Capítulo 10

Màu nền
Font chữ
Font size
Chiều cao dòng

Caminé por el pasillo que recorría la segunda planta del edificio, me paré en la puerta del departamento, giré un poco la cabeza y, por la ventana que estaba en un extremo del corredor, vi cómo la luz del sol se atenuaba y la ciudad se oscurecía; eran poco más de las doce de la mañana, pero parecía que las agujas del reloj hubieran avanzado hasta marcar las dos de la madrugada.

—No nos queda mucho tiempo —murmuré un pensamiento y llamé a la puerta—. Tenemos que frenarlos.

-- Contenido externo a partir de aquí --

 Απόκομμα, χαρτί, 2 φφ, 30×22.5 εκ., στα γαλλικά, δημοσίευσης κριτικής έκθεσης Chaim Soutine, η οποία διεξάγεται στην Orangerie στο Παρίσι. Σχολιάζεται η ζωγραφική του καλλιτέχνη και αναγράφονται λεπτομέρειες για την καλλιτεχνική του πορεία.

El ruido de los cerrojos, de los pestillos y de la cerradura precedió al leve chirrido que produjeron las bisagras durante la apertura de la puerta; Noaria, vestida con un pantalón oscuro y una camisa blanca remangada, se alegró de verme.

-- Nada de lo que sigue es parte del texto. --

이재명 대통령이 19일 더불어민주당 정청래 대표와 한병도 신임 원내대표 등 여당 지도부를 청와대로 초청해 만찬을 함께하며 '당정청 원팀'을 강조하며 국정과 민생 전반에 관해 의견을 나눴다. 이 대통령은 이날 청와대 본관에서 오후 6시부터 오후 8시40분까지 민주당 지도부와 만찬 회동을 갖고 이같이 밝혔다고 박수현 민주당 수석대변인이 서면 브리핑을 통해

—Nhargot, menos mal que estás bien —me dijo mientras me invitaba a pasar—. La ciudad se está yendo a la mierda. —Caminó hasta una ventana, se apoyó en el marco y observó las nubes rojizas que emitían tenues destellos oscuros—. La gente enloquece, pierden las consciencias, caen en profundos sueños o mueren sudando sangre. —Inspiró despacio y me miró a los ojos—. Todo se está desmoronando.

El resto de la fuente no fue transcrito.